Dataset:
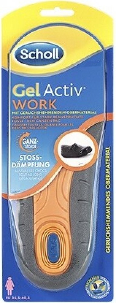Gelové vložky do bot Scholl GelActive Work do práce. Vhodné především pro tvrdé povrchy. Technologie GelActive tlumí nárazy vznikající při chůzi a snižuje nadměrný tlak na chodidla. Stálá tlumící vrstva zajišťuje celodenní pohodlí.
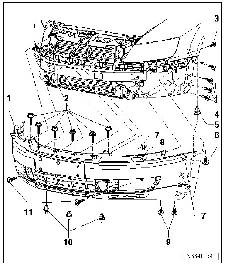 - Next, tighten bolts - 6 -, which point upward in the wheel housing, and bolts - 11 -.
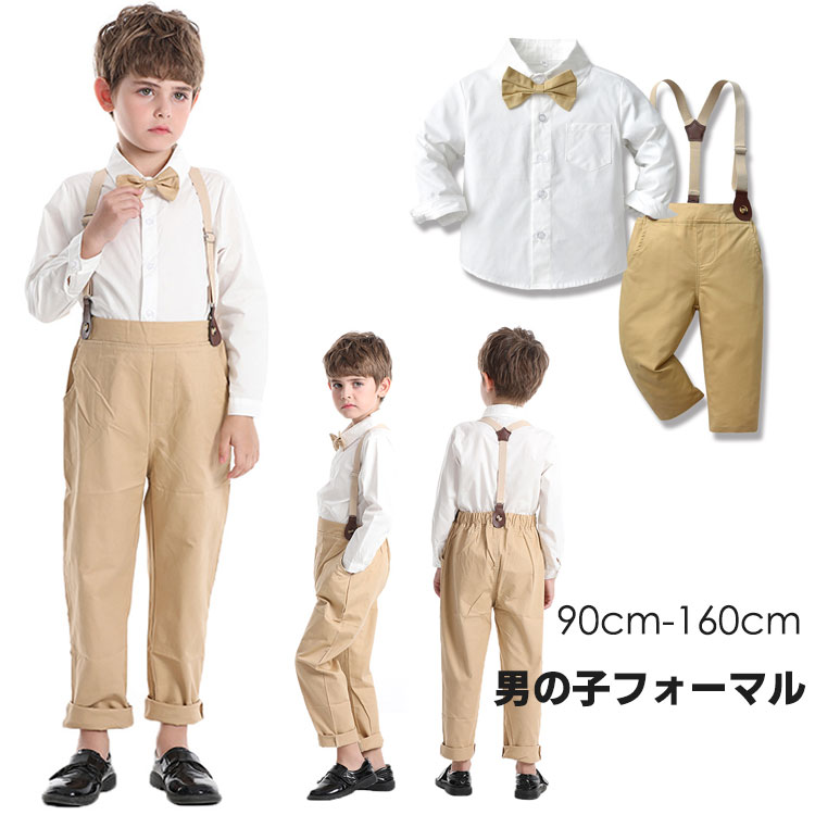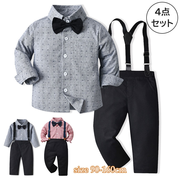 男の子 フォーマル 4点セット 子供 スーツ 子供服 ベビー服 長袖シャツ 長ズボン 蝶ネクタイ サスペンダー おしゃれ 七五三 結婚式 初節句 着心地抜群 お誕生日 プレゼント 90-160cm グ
---
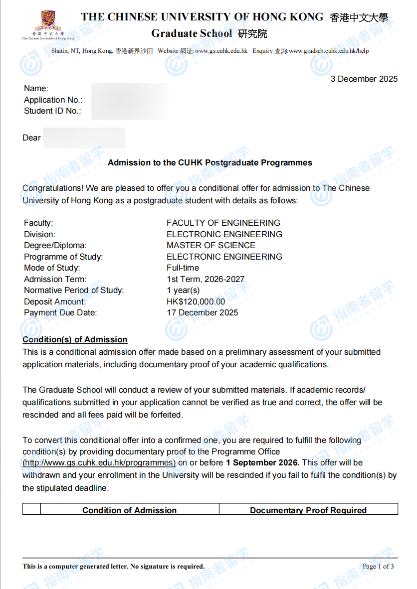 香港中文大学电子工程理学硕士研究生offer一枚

Exercise: Because only one stretch of the records is wanted, please output the lines from the one holding "- Next, tighten" through the one holding "男の子 フォーマル 4点セット" exactly, both included, and leave every picture out.

Exercise solution:
 - Next, tighten bolts - 6 -, which point upward in the wheel housing, and bolts - 11 -.
 男の子 フォーマル 4点セット 子供 スーツ 子供服 ベビー服 長袖シャツ 長ズボン 蝶ネクタイ サスペンダー おしゃれ 七五三 結婚式 初節句 着心地抜群 お誕生日 プレゼント 90-160cm グ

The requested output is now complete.